ИНДИВИДУАЛЬНЫЙ СТИЛЬ И.А. БУНИНА: ЧЕРТЫ СТИЛЯ ЭПОХИ И «СВОЙ ГОЛОС»

Прозаические и поэтические доминанты. Композиционные повторы и параллелизм. Типы деталей и их функция в произведении. Способы формирования динамичности и статичности изобразительного начала в произведении.

XX век, имеющий особую страсть не только к именованию, но еще в большей степени к переименованию, переназыванию, в характеристике творчества Бунина не обходится без того, чтобы больше выразить себя, чем открыть тайну его письма. Таковы часто споры о его «импрессионизме» или новейшие дискуссии о «феноменологическом романе», по существу, имеющие отдаленное отношение к стилю И.А. Бунина, весьма скептически относившегося к разного рода теоретизированиям, зато необычайно чуткого к слову, к звуку, к ритмам, разным складам речи. Все это заставляет нас вернуться к размышлениям писателя о сути художественной словесности, о стиле эпохи, в которую жил и творил он, к его собственному индивидуальному стилю.

Можно приводить множество самохарактеристик стиля Бунина, но, пожалуй, весьма красноречивы строки дневниковой записи 1923 г., определяющие бунинское мировидение и слог, стиль его:

Grau, liber Freund, sind alle Theorien Doch ewig grun das goldne Baum des Lebens.

Он переводит Гёте «близко к подлиннику» и в образности, и ритмически, и даже «начертательно»:

Все умозрения, милый друг, серы,

Но вечно зелено златое Древо Жизни (выделено мной. —

им.у

Не случайно эти строки приведены в дневнике — они составляют продолжение полемики о самом важном в новейшей художественной словесности. Возражая Г. Адамовичу, весьма критично судившему о «внешней изобразительности», И.А. Бунин пишет в статье «На поучение молодым писателям»: «...что же делать и с этим внутреним миром без изобразительности, если хочешь его как-то показать, рассказать? Одними восклицаниями? Нечленораздельными звуками?»

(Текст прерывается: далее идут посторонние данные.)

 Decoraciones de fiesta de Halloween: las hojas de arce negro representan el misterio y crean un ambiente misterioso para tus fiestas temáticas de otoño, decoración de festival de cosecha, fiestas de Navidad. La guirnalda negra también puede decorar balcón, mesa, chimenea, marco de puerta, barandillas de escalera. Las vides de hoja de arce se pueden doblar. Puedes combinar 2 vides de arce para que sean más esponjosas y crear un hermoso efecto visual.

«Серость», «бестелесиость» теорий, умозрений и Гёте, и Буниным противопоставляются «зелени», жизненности златого Древа Жизни. Не случайно цветовое, зрительное, «описательное» сопоставление дано у Бунина (ср. с другим переводом: «Суха теория, мой друг, / А древо жизни пышно зеленеет», где эго «зрительное» снято). В отстаивании «живописности» сказывается его собственная художественная и художническая в широком смысле (и живописца, и музыканта, и Поэта) натура.

Подчеркнем, что в творческой лаборатории И.А. Бунина особое место занимает будируемая в начале XX столетия идея художественного синтеза, называемого теоретиками символизма «новым синтезом», «синтезом литургическим» (Вяч. Иванов). Заметим также, что в отличие от символистов, экспериментировавших «с синтезом» (пример тому симфонии Андрея Белого, циклы сонетов самого Вяч. Иванова, книги стихов К. Бальмонта и др.), Бунин не был и не слыл экспериментатором, хотя обновление им слога русской прозы и поэзии и сегодня заслуживают особого внимания14

Его стремление к художественному синтезу, а не просто к литературному живописанию отразилось в особом подходе к [1]

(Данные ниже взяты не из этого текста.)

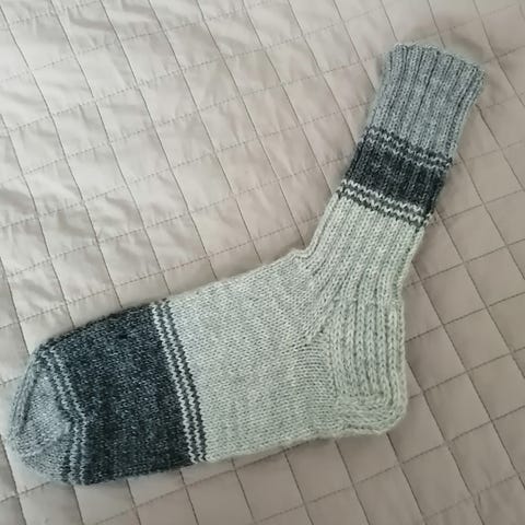 Käsinkudotut villasukat 7-veljestä langasta. Terän pituus 25-26cm, varsi n.17cm.

портрету и иконе, в особенном включении, внедрении этих собственно живописных жанров в прозаический или поэтический текст. А.Н. Веселовский утверждал, что «история эпитета есть история стиля в сокращенном издании». Со всей определенностью можно сказать, что «портрет» у И.А. Бунина есть его «стиль в сокращенном издании». В качестве примера можно было бы привести те портретные описания, что у всякого читателя на слуху, из «Последнего свидания»: «...видеть твое платье, ...батистовое, легкое, молодое... твои голые руки, почти черные от солнца и от крови наших предков, татарские сияющие глаза — не видящие меня глаза — желтую розу в угольных волосах...» (III, 333). Такой предстает героиня в воспоминаниях Стрешнева, а вот какой видит он ее в это самое «последнее свидание»: «Вера вышла на крыльцо в дорогой и легкой, но уже ветхой старомодной шубке и в летней шляпке из черной соломы с жесткими, ржаво-атласными цветами» (III, 334). Портрет героини рождается в поэтическом «столкновении» двух, кажется, контрастирующих метонимических описаний. Не менее значительны в семантике рассказа «Легкое дыханье» портреты Оли Мещерской, в которой все — динамика, и начальницы, в которой автор подчеркивает «ровный пробор в молочных, аккуратно гофрированных волосах», «матовое лицо», какую-то «мрамор- ность» «фарфорность», духовную и душевную безжизненность. «Новый крест из дуба, крепкий, тяжелый, гладкий... В самый же крест вделан довольно большой, выпуклый, фарфоровый медальон, а в медальоне — фотографический портрет гимназистки с радостными, поразительно живыми глазами» (III, 96, 94). Понятно, что такое метонимическое живописание служит поэтизации бунинской прозы.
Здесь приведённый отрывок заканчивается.